By Phil Outhier

I devote a significant part of my practice to advising small business owners. It’s exciting to work with an entrepreneur to help bring his or her business concept to life. One of the most frequent questions I get from small business owners of recently formed companies is, “What do I do now?” I have discovered that while lawyers are great at setting up small companies, they are not great at advising owners what to do once the company is formed.

One of my greatest sources of referral is from business owners whose previous lawyer has failed to advise them of the next step. What follows is checklist I have developed to help my clients take the next steps after forming a company.

  1. Regularly update your corporate records.
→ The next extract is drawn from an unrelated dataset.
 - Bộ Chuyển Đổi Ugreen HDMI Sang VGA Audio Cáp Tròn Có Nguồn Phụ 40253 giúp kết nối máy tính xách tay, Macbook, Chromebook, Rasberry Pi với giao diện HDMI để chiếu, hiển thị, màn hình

If you own a corporation or a limited liability company, you should regularly update your corporate records. Evidence of the makeup of your board or managers, together with a record of decisions made by the leadership, grant a company the right to do business in Oklahoma. If you have a corporation make sure you prepare and file all federal and state reports.  If you have an LLC, you must pay an annual registration fee to the Secretary of State. Failing to keep current records can jeopardize the very existence of your company and expose the incorporators to liability.
  2. Secure your trade name or trade mark.  Many companies spend effort and money developing a special trade name or trade mark. Consider securing your exclusive use of both by registering your name or mark with the Oklahoma Secretary of State.
  3. Set up appropriate accounts with applicable government entities.  These are the big ones:

Income Tax and Payroll Withholding.  Businesses with employees must set up an account with the Oklahoma Tax Commission for withholding and remitting state income taxes from the wages and salaries paid to employees.
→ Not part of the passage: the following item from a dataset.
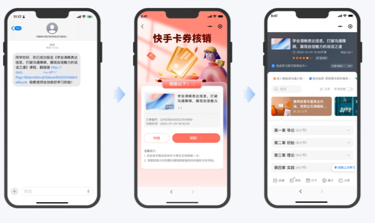 商家朋友们开通快手小店卖货后,可以快速导入快手小店的商品至小鹅通店铺,并关联售卖的商品,用户在快手小店购买后,会自动下发商品兑换短信,商家可实时获取“短信链接点击状态”与“商品兑换状态”。

Unemployment Taxes. Employers must also set up an account and withhold and remit state unemployment taxes from the earnings of the employees to the Oklahoma Employment Security Commission.  At the federal level, business owners with employees are required to obtain the necessary forms and set up accounts with the Internal Revenue Service to withhold and pay federal income and Social Security taxes.
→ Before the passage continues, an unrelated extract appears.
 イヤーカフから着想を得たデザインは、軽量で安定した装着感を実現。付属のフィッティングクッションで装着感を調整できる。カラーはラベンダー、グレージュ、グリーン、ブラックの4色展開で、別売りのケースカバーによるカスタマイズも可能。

Workers Compensation Insurance. Employers are required to cover their employees in Oklahoma with workers’ compensation insurance, through an insurance agent. Contact your insurance agent to learn more.

  1. Apply for appropriate licensing.  Find out if the type of business you are operating is subject to special permits or licenses. The State of Oklahoma and most municipalities require some type of licensing. For example, retailers are required to have a sales tax permit. Restaurants are required to have food handling permits and special licenses to sell alcoholic beverages. Businesses that sell cigarettes and motor fuels require special sales tax permits.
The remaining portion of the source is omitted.